The changes give partners more control over settlement timing and liquidity management, particularly relevant for cross-border payments, treasury operations and payouts, where timing and transparency carry real cost implications.
On the stablecoin side, Mastercard will support settlement using Circle’s USDC, Paxos-issued PYUSD, USDG and USDP, Ripple’s RLUSD, and SoFi’s SoFiUSD, across blockchain networks including Arbitrum, Base, Canton, Ethereum, Polygon, Solana, Tempo and XRPL. ARQ, CBW Bank, Cross River, Lead Bank and Nuvei are expected to be among the first to support stablecoin settlement in the US and Latin America, with further expansion planned through 2026.
Crucially, the new options run through Mastercard’s existing infrastructure rather than a separate system, meaning partners retain the same security standards, fraud safeguards and dispute processes they currently rely on while gaining access to digital asset settlement alongside traditional rails.
“The next phase of stablecoin adoption is about real-world utility, especially in settlement, where timing and liquidity matter most,” said Raj Dhamodharan, Mastercard’s executive vice president for Blockchain and Digital Assets. “By introducing intraday and weekend settlement options across our global network, we’re expanding how partners manage liquidity and operate in an always-on digital economy while maintaining the trust, resilience and safeguards they expect from Mastercard.”
The move builds on earlier Mastercard pilots and live stablecoin deployments, and reflects a broader pattern among major payment networks treating regulated stablecoins as a settlement tool rather than a speculative asset class, integrated into existing rails rather than positioned as a replacement for them.

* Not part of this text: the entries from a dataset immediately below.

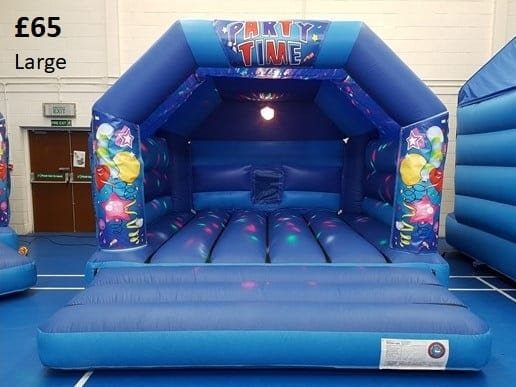 Select one of the bouncy castle themes below, choose the size, then check availably and postcode cost. Select the music and lights (£20) in the 'extras' section on the booking form, or just the disco ball (£10) if you don't require the music system. You can also add other things to your order here such as games and ball pools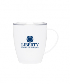 12 oz double wall 18/8 stainless steel thermal mug with copper vacuum insulation, clear acrylic push-on lid, and matching swivel; Hand wash recommended; Do not microwave; 4-7/16" h x 4"w (4-7/8 with handle) ; 355mL.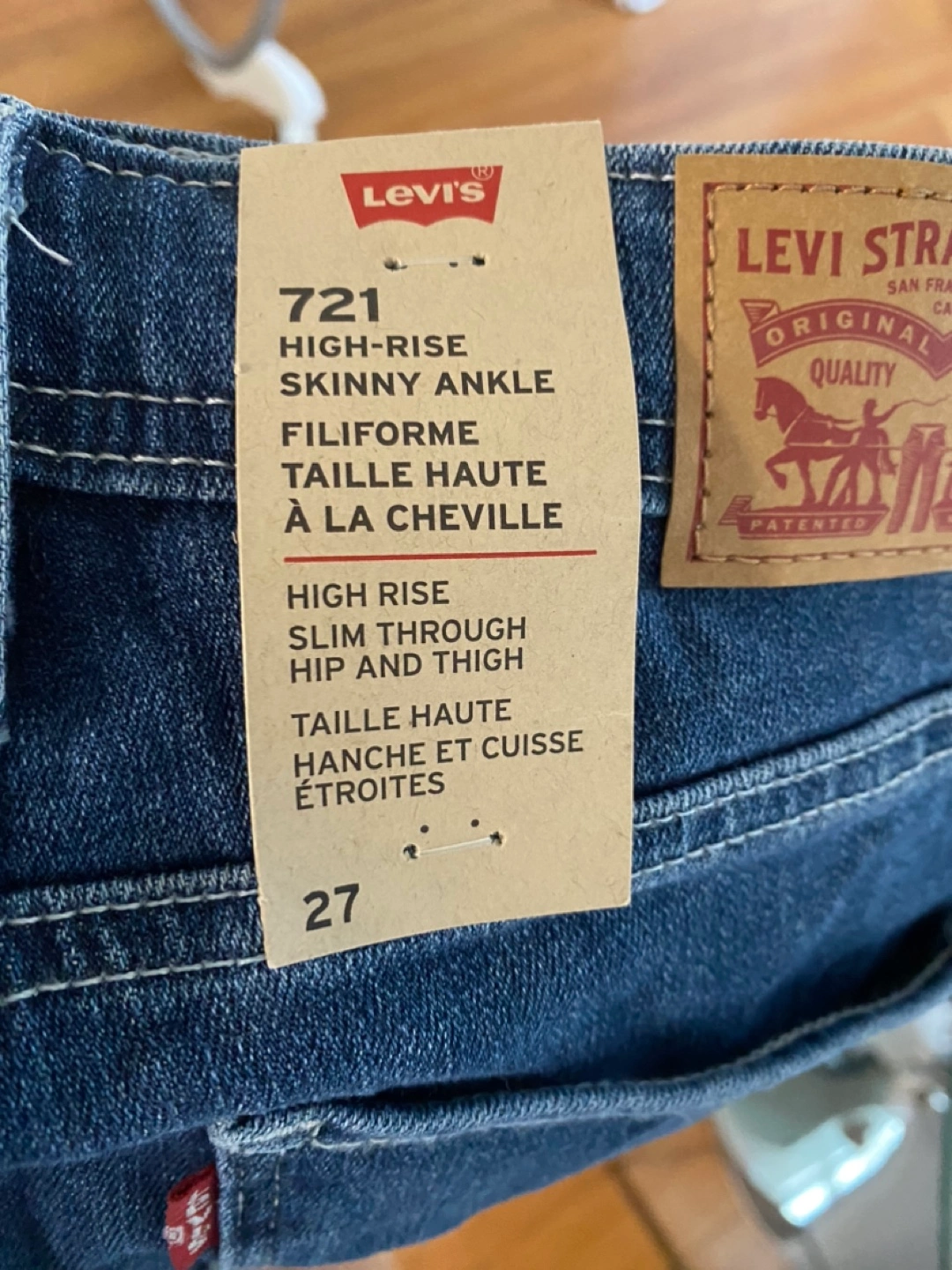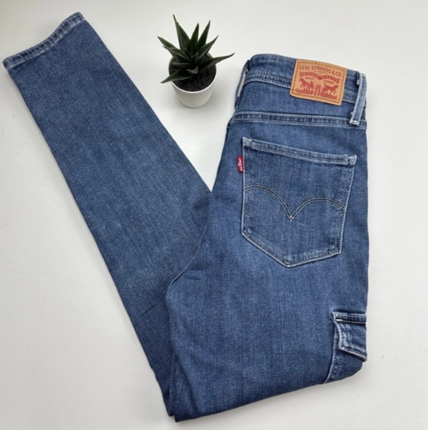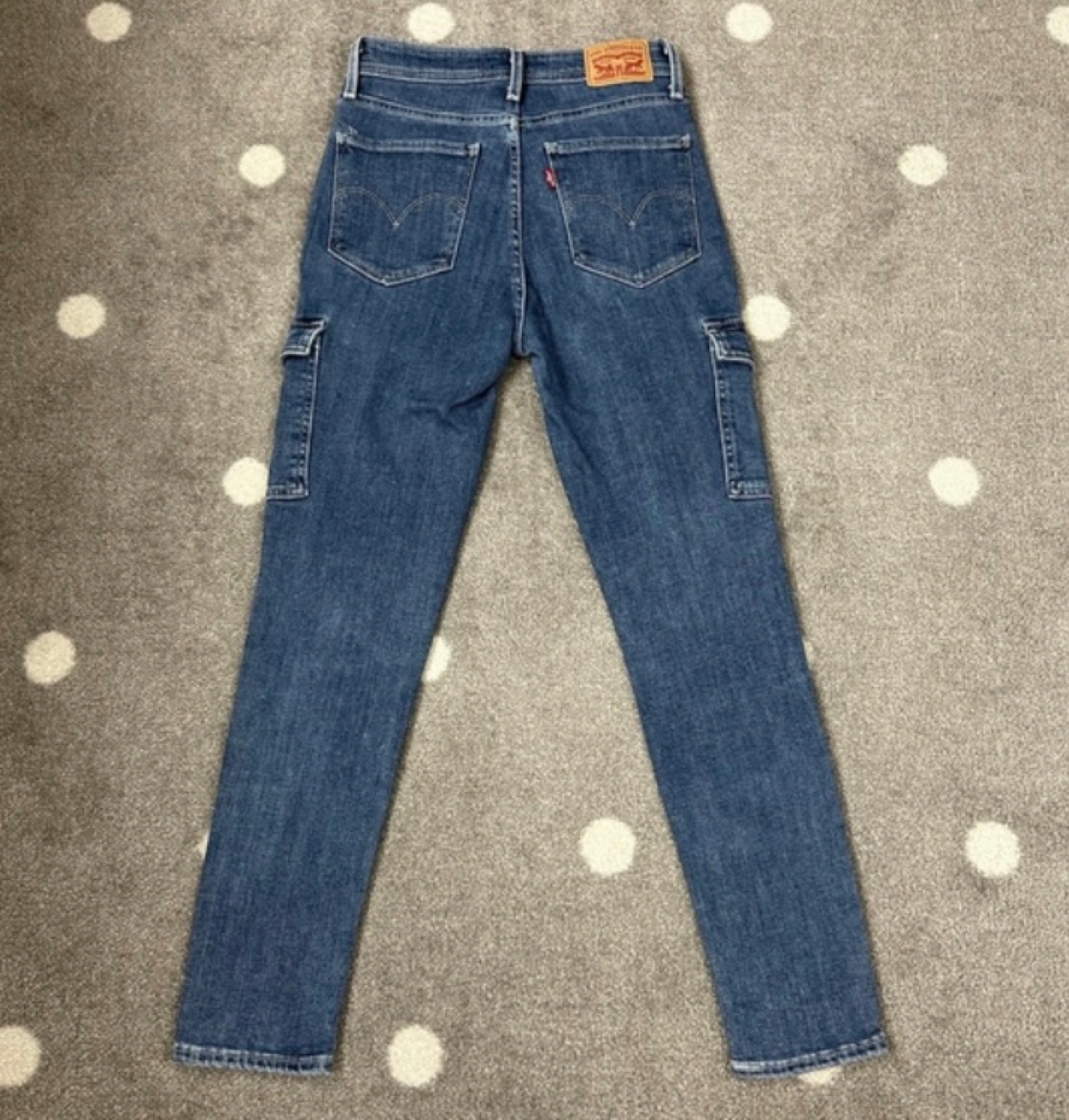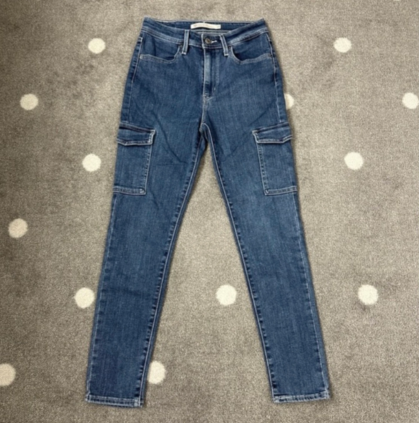 Women's Levi's 721 high-rise skinny ankle jeans. Dark wash denim. Features cargo pockets. Size 27.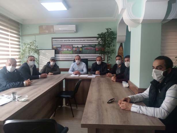 Zonguldak Amatör Spor Kulüpleri Federasyon Başkanı Kemal Demir, Futbol İl Temsilcisi Metin Malkoç ve kulüpler korona virüs nedeniyle devresi tamamlanamayan 2.Amatör Kümenin kaderi için Amatör Spor Kulüpleri Federasyon binasında toplantı yapıldı.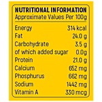 Approximate Values Per 100g, Energy 308 kcal, Protein 21.0g, Carbohydrate 2.0g, Of which Sugar 0.0g, Fat 24.0g, Calcium 652mg, Phosphorus 662mg, Sodium 1442mg, Vitamin A 330mcg.

Ripple’s Jack McDonald described the inclusion of RLUSD in Mastercard’s settlement network as “a landmark validation that blockchain technology is ready for the world’s most critical payment infrastructure.” Lead Bank CEO Jackie Reses framed the shift in similar terms, calling 24/7 on-chain settlement “a foundational step toward a more efficient, always-on financial system.”
The rollout will continue globally over time, subject to regulatory approval in each market, with additional regions, partners and stablecoins expected to be added.